My motivation is probably that of most fan fiction writers: pure self-indulgence. We all occasionally think, "Wouldn't it be fun if this happened?" on a TV show. With fan fiction, we just go a step farther and try to flesh it out on paper. I've really enjoyed the challenge of trying to write dialogue and consistent characters, even if they are someone else's. ;-)

XWP was the first fiction I ever wrote, other than legal briefs. :-) I am taking a shot at a Voyager short story, but technobabble is a lot harder than legalese. It makes me appreciate a less-complicated formula, like, say, Xena, Gab, and a horse.

I told myself I wouldn't use this interview as a forum to knock the third season, but it's necessary a bit to answer this question. I found the first two seasons wonderfully romantic, clever, and inspirational. I hadn't ever been impacted by a TV show like that, not to the point of wanting to read -- let alone write -- fan fiction, spending the mortgage on memorabilia, going to conventions, etc. The third season shifted the characterization (in my view) from romantic to melodramatic, but the overarching concept of two women destined to be with each other against all odds is... sigh.

I'm Rebecca of Sunnybrook Farm when it comes to writing XWP fan fiction, which means avoiding a lot of the problems that might be faced in real life. For example, in my Xenaverse, no one seriously questions the appropriateness of two women having an intimate relationship. Xena and Gabrielle are disgustingly in love with each other, and have no interest in anyone else even before they've acknowledged it. (Yes, that's right--if Xena were marooned for a year on a desert island with twenty restless Hestian virgins, she wouldn't even notice them.) Realistic? Doesn't matter to me. I write and read fan fic stories as a form of escapism, so I mold the characters and their world to make myself happy.

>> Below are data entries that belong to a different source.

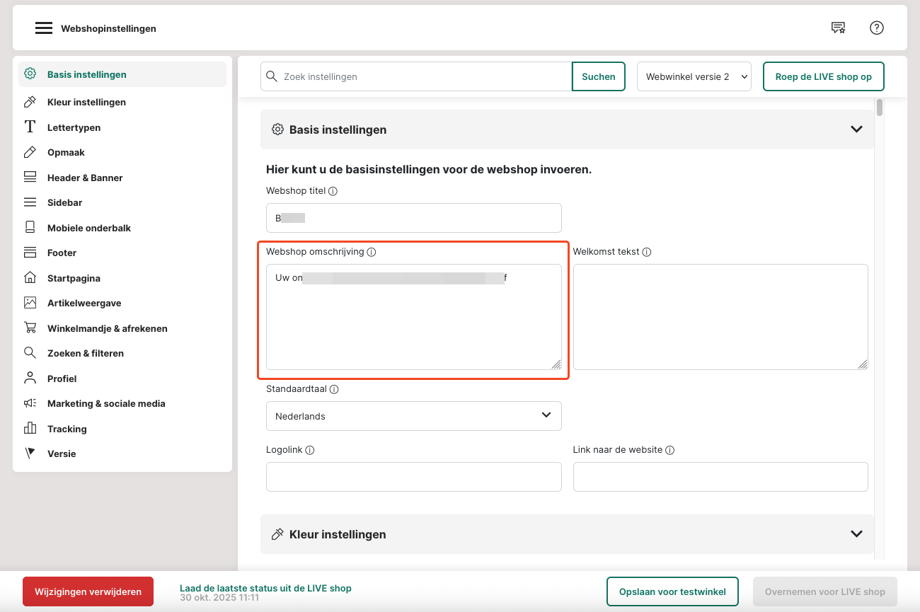 6. In het veld "Webshop omschrijving" kun je een beschrijving voor je webshop invoeren. Deze wordt ook door verschillende zoekmachines gebruikt om je webshop aan te bevelen.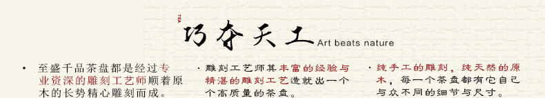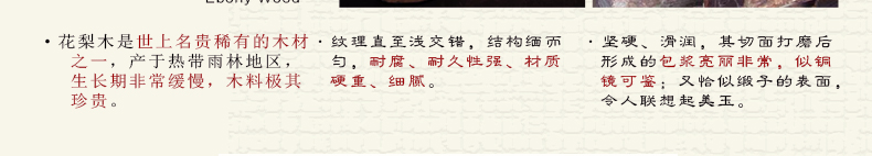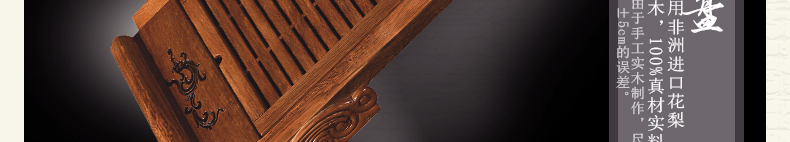 产品经科学烘干处理,注入我国古代传统色彩的雕刻工艺,设计新颖,做工精细,产品具有鲜明的个性和独特的品质,既有浓厚的民族色彩又有典雅的时代气息,全部产品采用红木工艺生产,吻合环保低碳生活的标准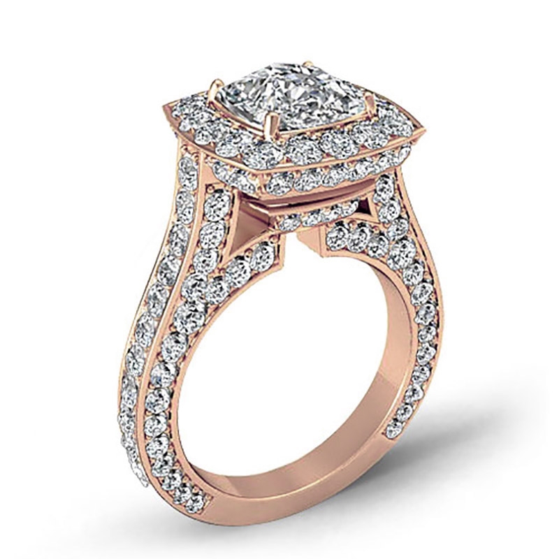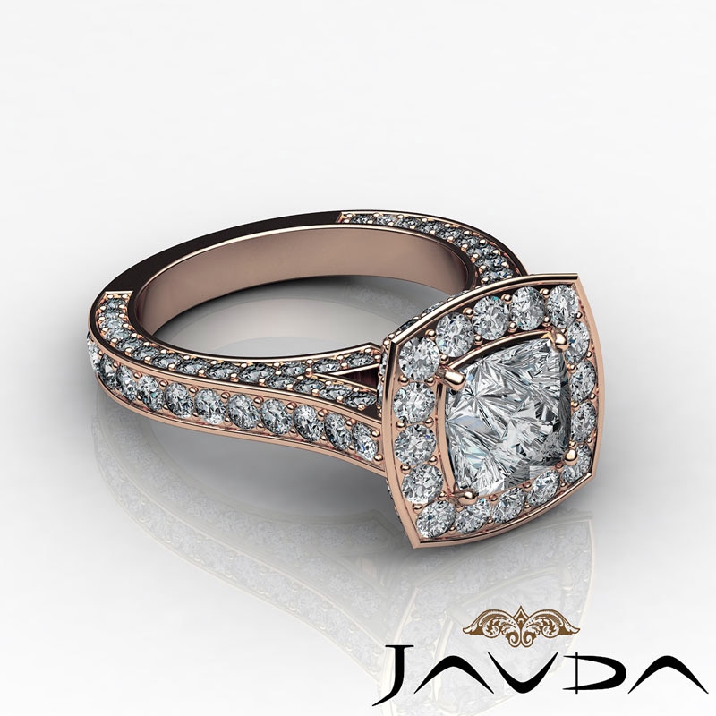 Halo Micro Pave Bridge Accent style Engagement Ring, center is Cushion shape Diamond Report by IGI, D Color & VS1 clarity, Made in 18k Rose Gold (3.11 ct. tw.)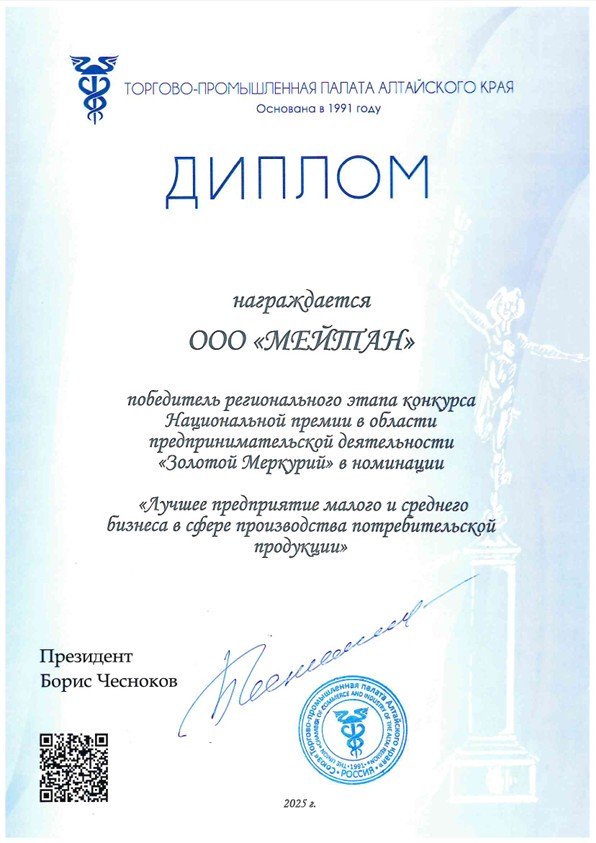 Диплом победителя регионального этапа конкурса Национальной премии в области предпринимательской деятельности «Золотой Меркурий-2025» в номинации «Лучшее предприятие малого и среднего бизнеса в сфере производства потребительской продукции»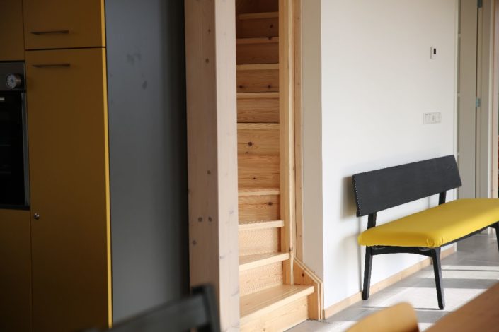 Deze woning is ontworpen met de omgeving als uitgangspunt. Het ontwerp is van de klant zelf: Reina van Mourik – Grunstra. De vloeiende ronde kap en de mosterd gele kleur verwijzen naar het glooiende landschap en het strand op het eiland Vlieland. Gericht op de verhuur is de woning efficiënt ingedeeld en door de ronde kap wordt extra hoogte gerealiseerd op de zolder.

[There is some controversy about what uber-Xena fiction is. What is your current definition of a completely uber story?] Hmm. Good question. I guess it would be: A story about descendants or reincarnations of Xena and Gabrielle in which there is some link, in addition to similar physical appearance, to their forebears. I actually don't think of Janice & Mel stories as "uber," because they are characters who have actually appeared on the show, but I guess they would fall within my definition.